The chemical functionalization of the electrode surface is essential for producing strong bonds, tailoring the interface properties (proper spacing, orientation, surface density, and stability), and promoting a suitable anchoring of target molecules with diverse nature and structures such as biomacromolecules, polymers, and nanoparticles onto the surface20. Thus, reasonable control at this initial level plays a key role in the performance of the final modified electrodes. Among various surface functionalization approaches, the reduction of aryldiazonium salts has been considered a straightforward, rapid, and versatile methodology that allows a strong covalent attachment of various chemical electroactive functions onto a conductive substrate by changing the substituents of the aryl ring21. Also, the resulting functionalized electrodes have shown resistance to heat, ultrasonication, and chemical degradation22. Many different strategies have been employed for grafting aryl derivatives23, including electrochemistry, photochemistry, microwave, ultrasonication, and reduction by chemical agents, while the electrochemical method has become the preferred choice since the deposition process could be readily controlled and adapted to the substrate24. In general, electro-reduction of aryldiazonium salts involves the concerted formation of aryl-based radicals at the vicinity of the electrode and the elimination of dinitrogen upon reduction. Subsequently, the highly reactive aryl radicals can either make a covalent binding to the electrode surface or to already grafted moieties. As a consequence, electro grafting of aryl moieties can be directed toward the synthesis of well-ordered monolayers or disordered multilayers by adjusting the experimental conditions25.

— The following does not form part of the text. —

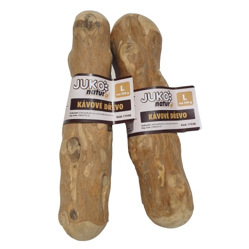 Hračku používajte iba pod dohľadom. Pokiaľ je už drevo také malé, že by ich pes mohol prehltnúť, nahraďte ho novým. Kávové drevo je prírodný materiál, preto je každý kus originál s rozdielnym tvarom aj hmotnosťou.

Aldehydes are not only fundamental building blocks of numerous biologically active compounds but also paramount reagents in modern organic syntheses26. So far, various methods have been employed for the oxidation of alcohol to aldehydes as follows (Fig. 1): (i) the use of stoichiometric oxidants (chromium-based oxidant, Dess-Martin Periodinane (DMP), Manganese oxides, Swern oxidizing agents, etc.)27; (ii) Molecular oxygen, hydrogen peroxide (H2O2), or air in combination with proper transition metal catalysts (Ru, Cu, Ir Au, V, Fe, or Pd)28; (iii) oxidant-free alcohol oxidation with hydrogen evolution using transition metal catalysts and sophisticated ligands29,30,31,32,33,34; (iv) alcohol oxidation via photo-catalysis35 or electrocatalysis36,37,38,39,40,41.

Figure 1
figure 1

Previous strategies and our work for alcohol oxidation.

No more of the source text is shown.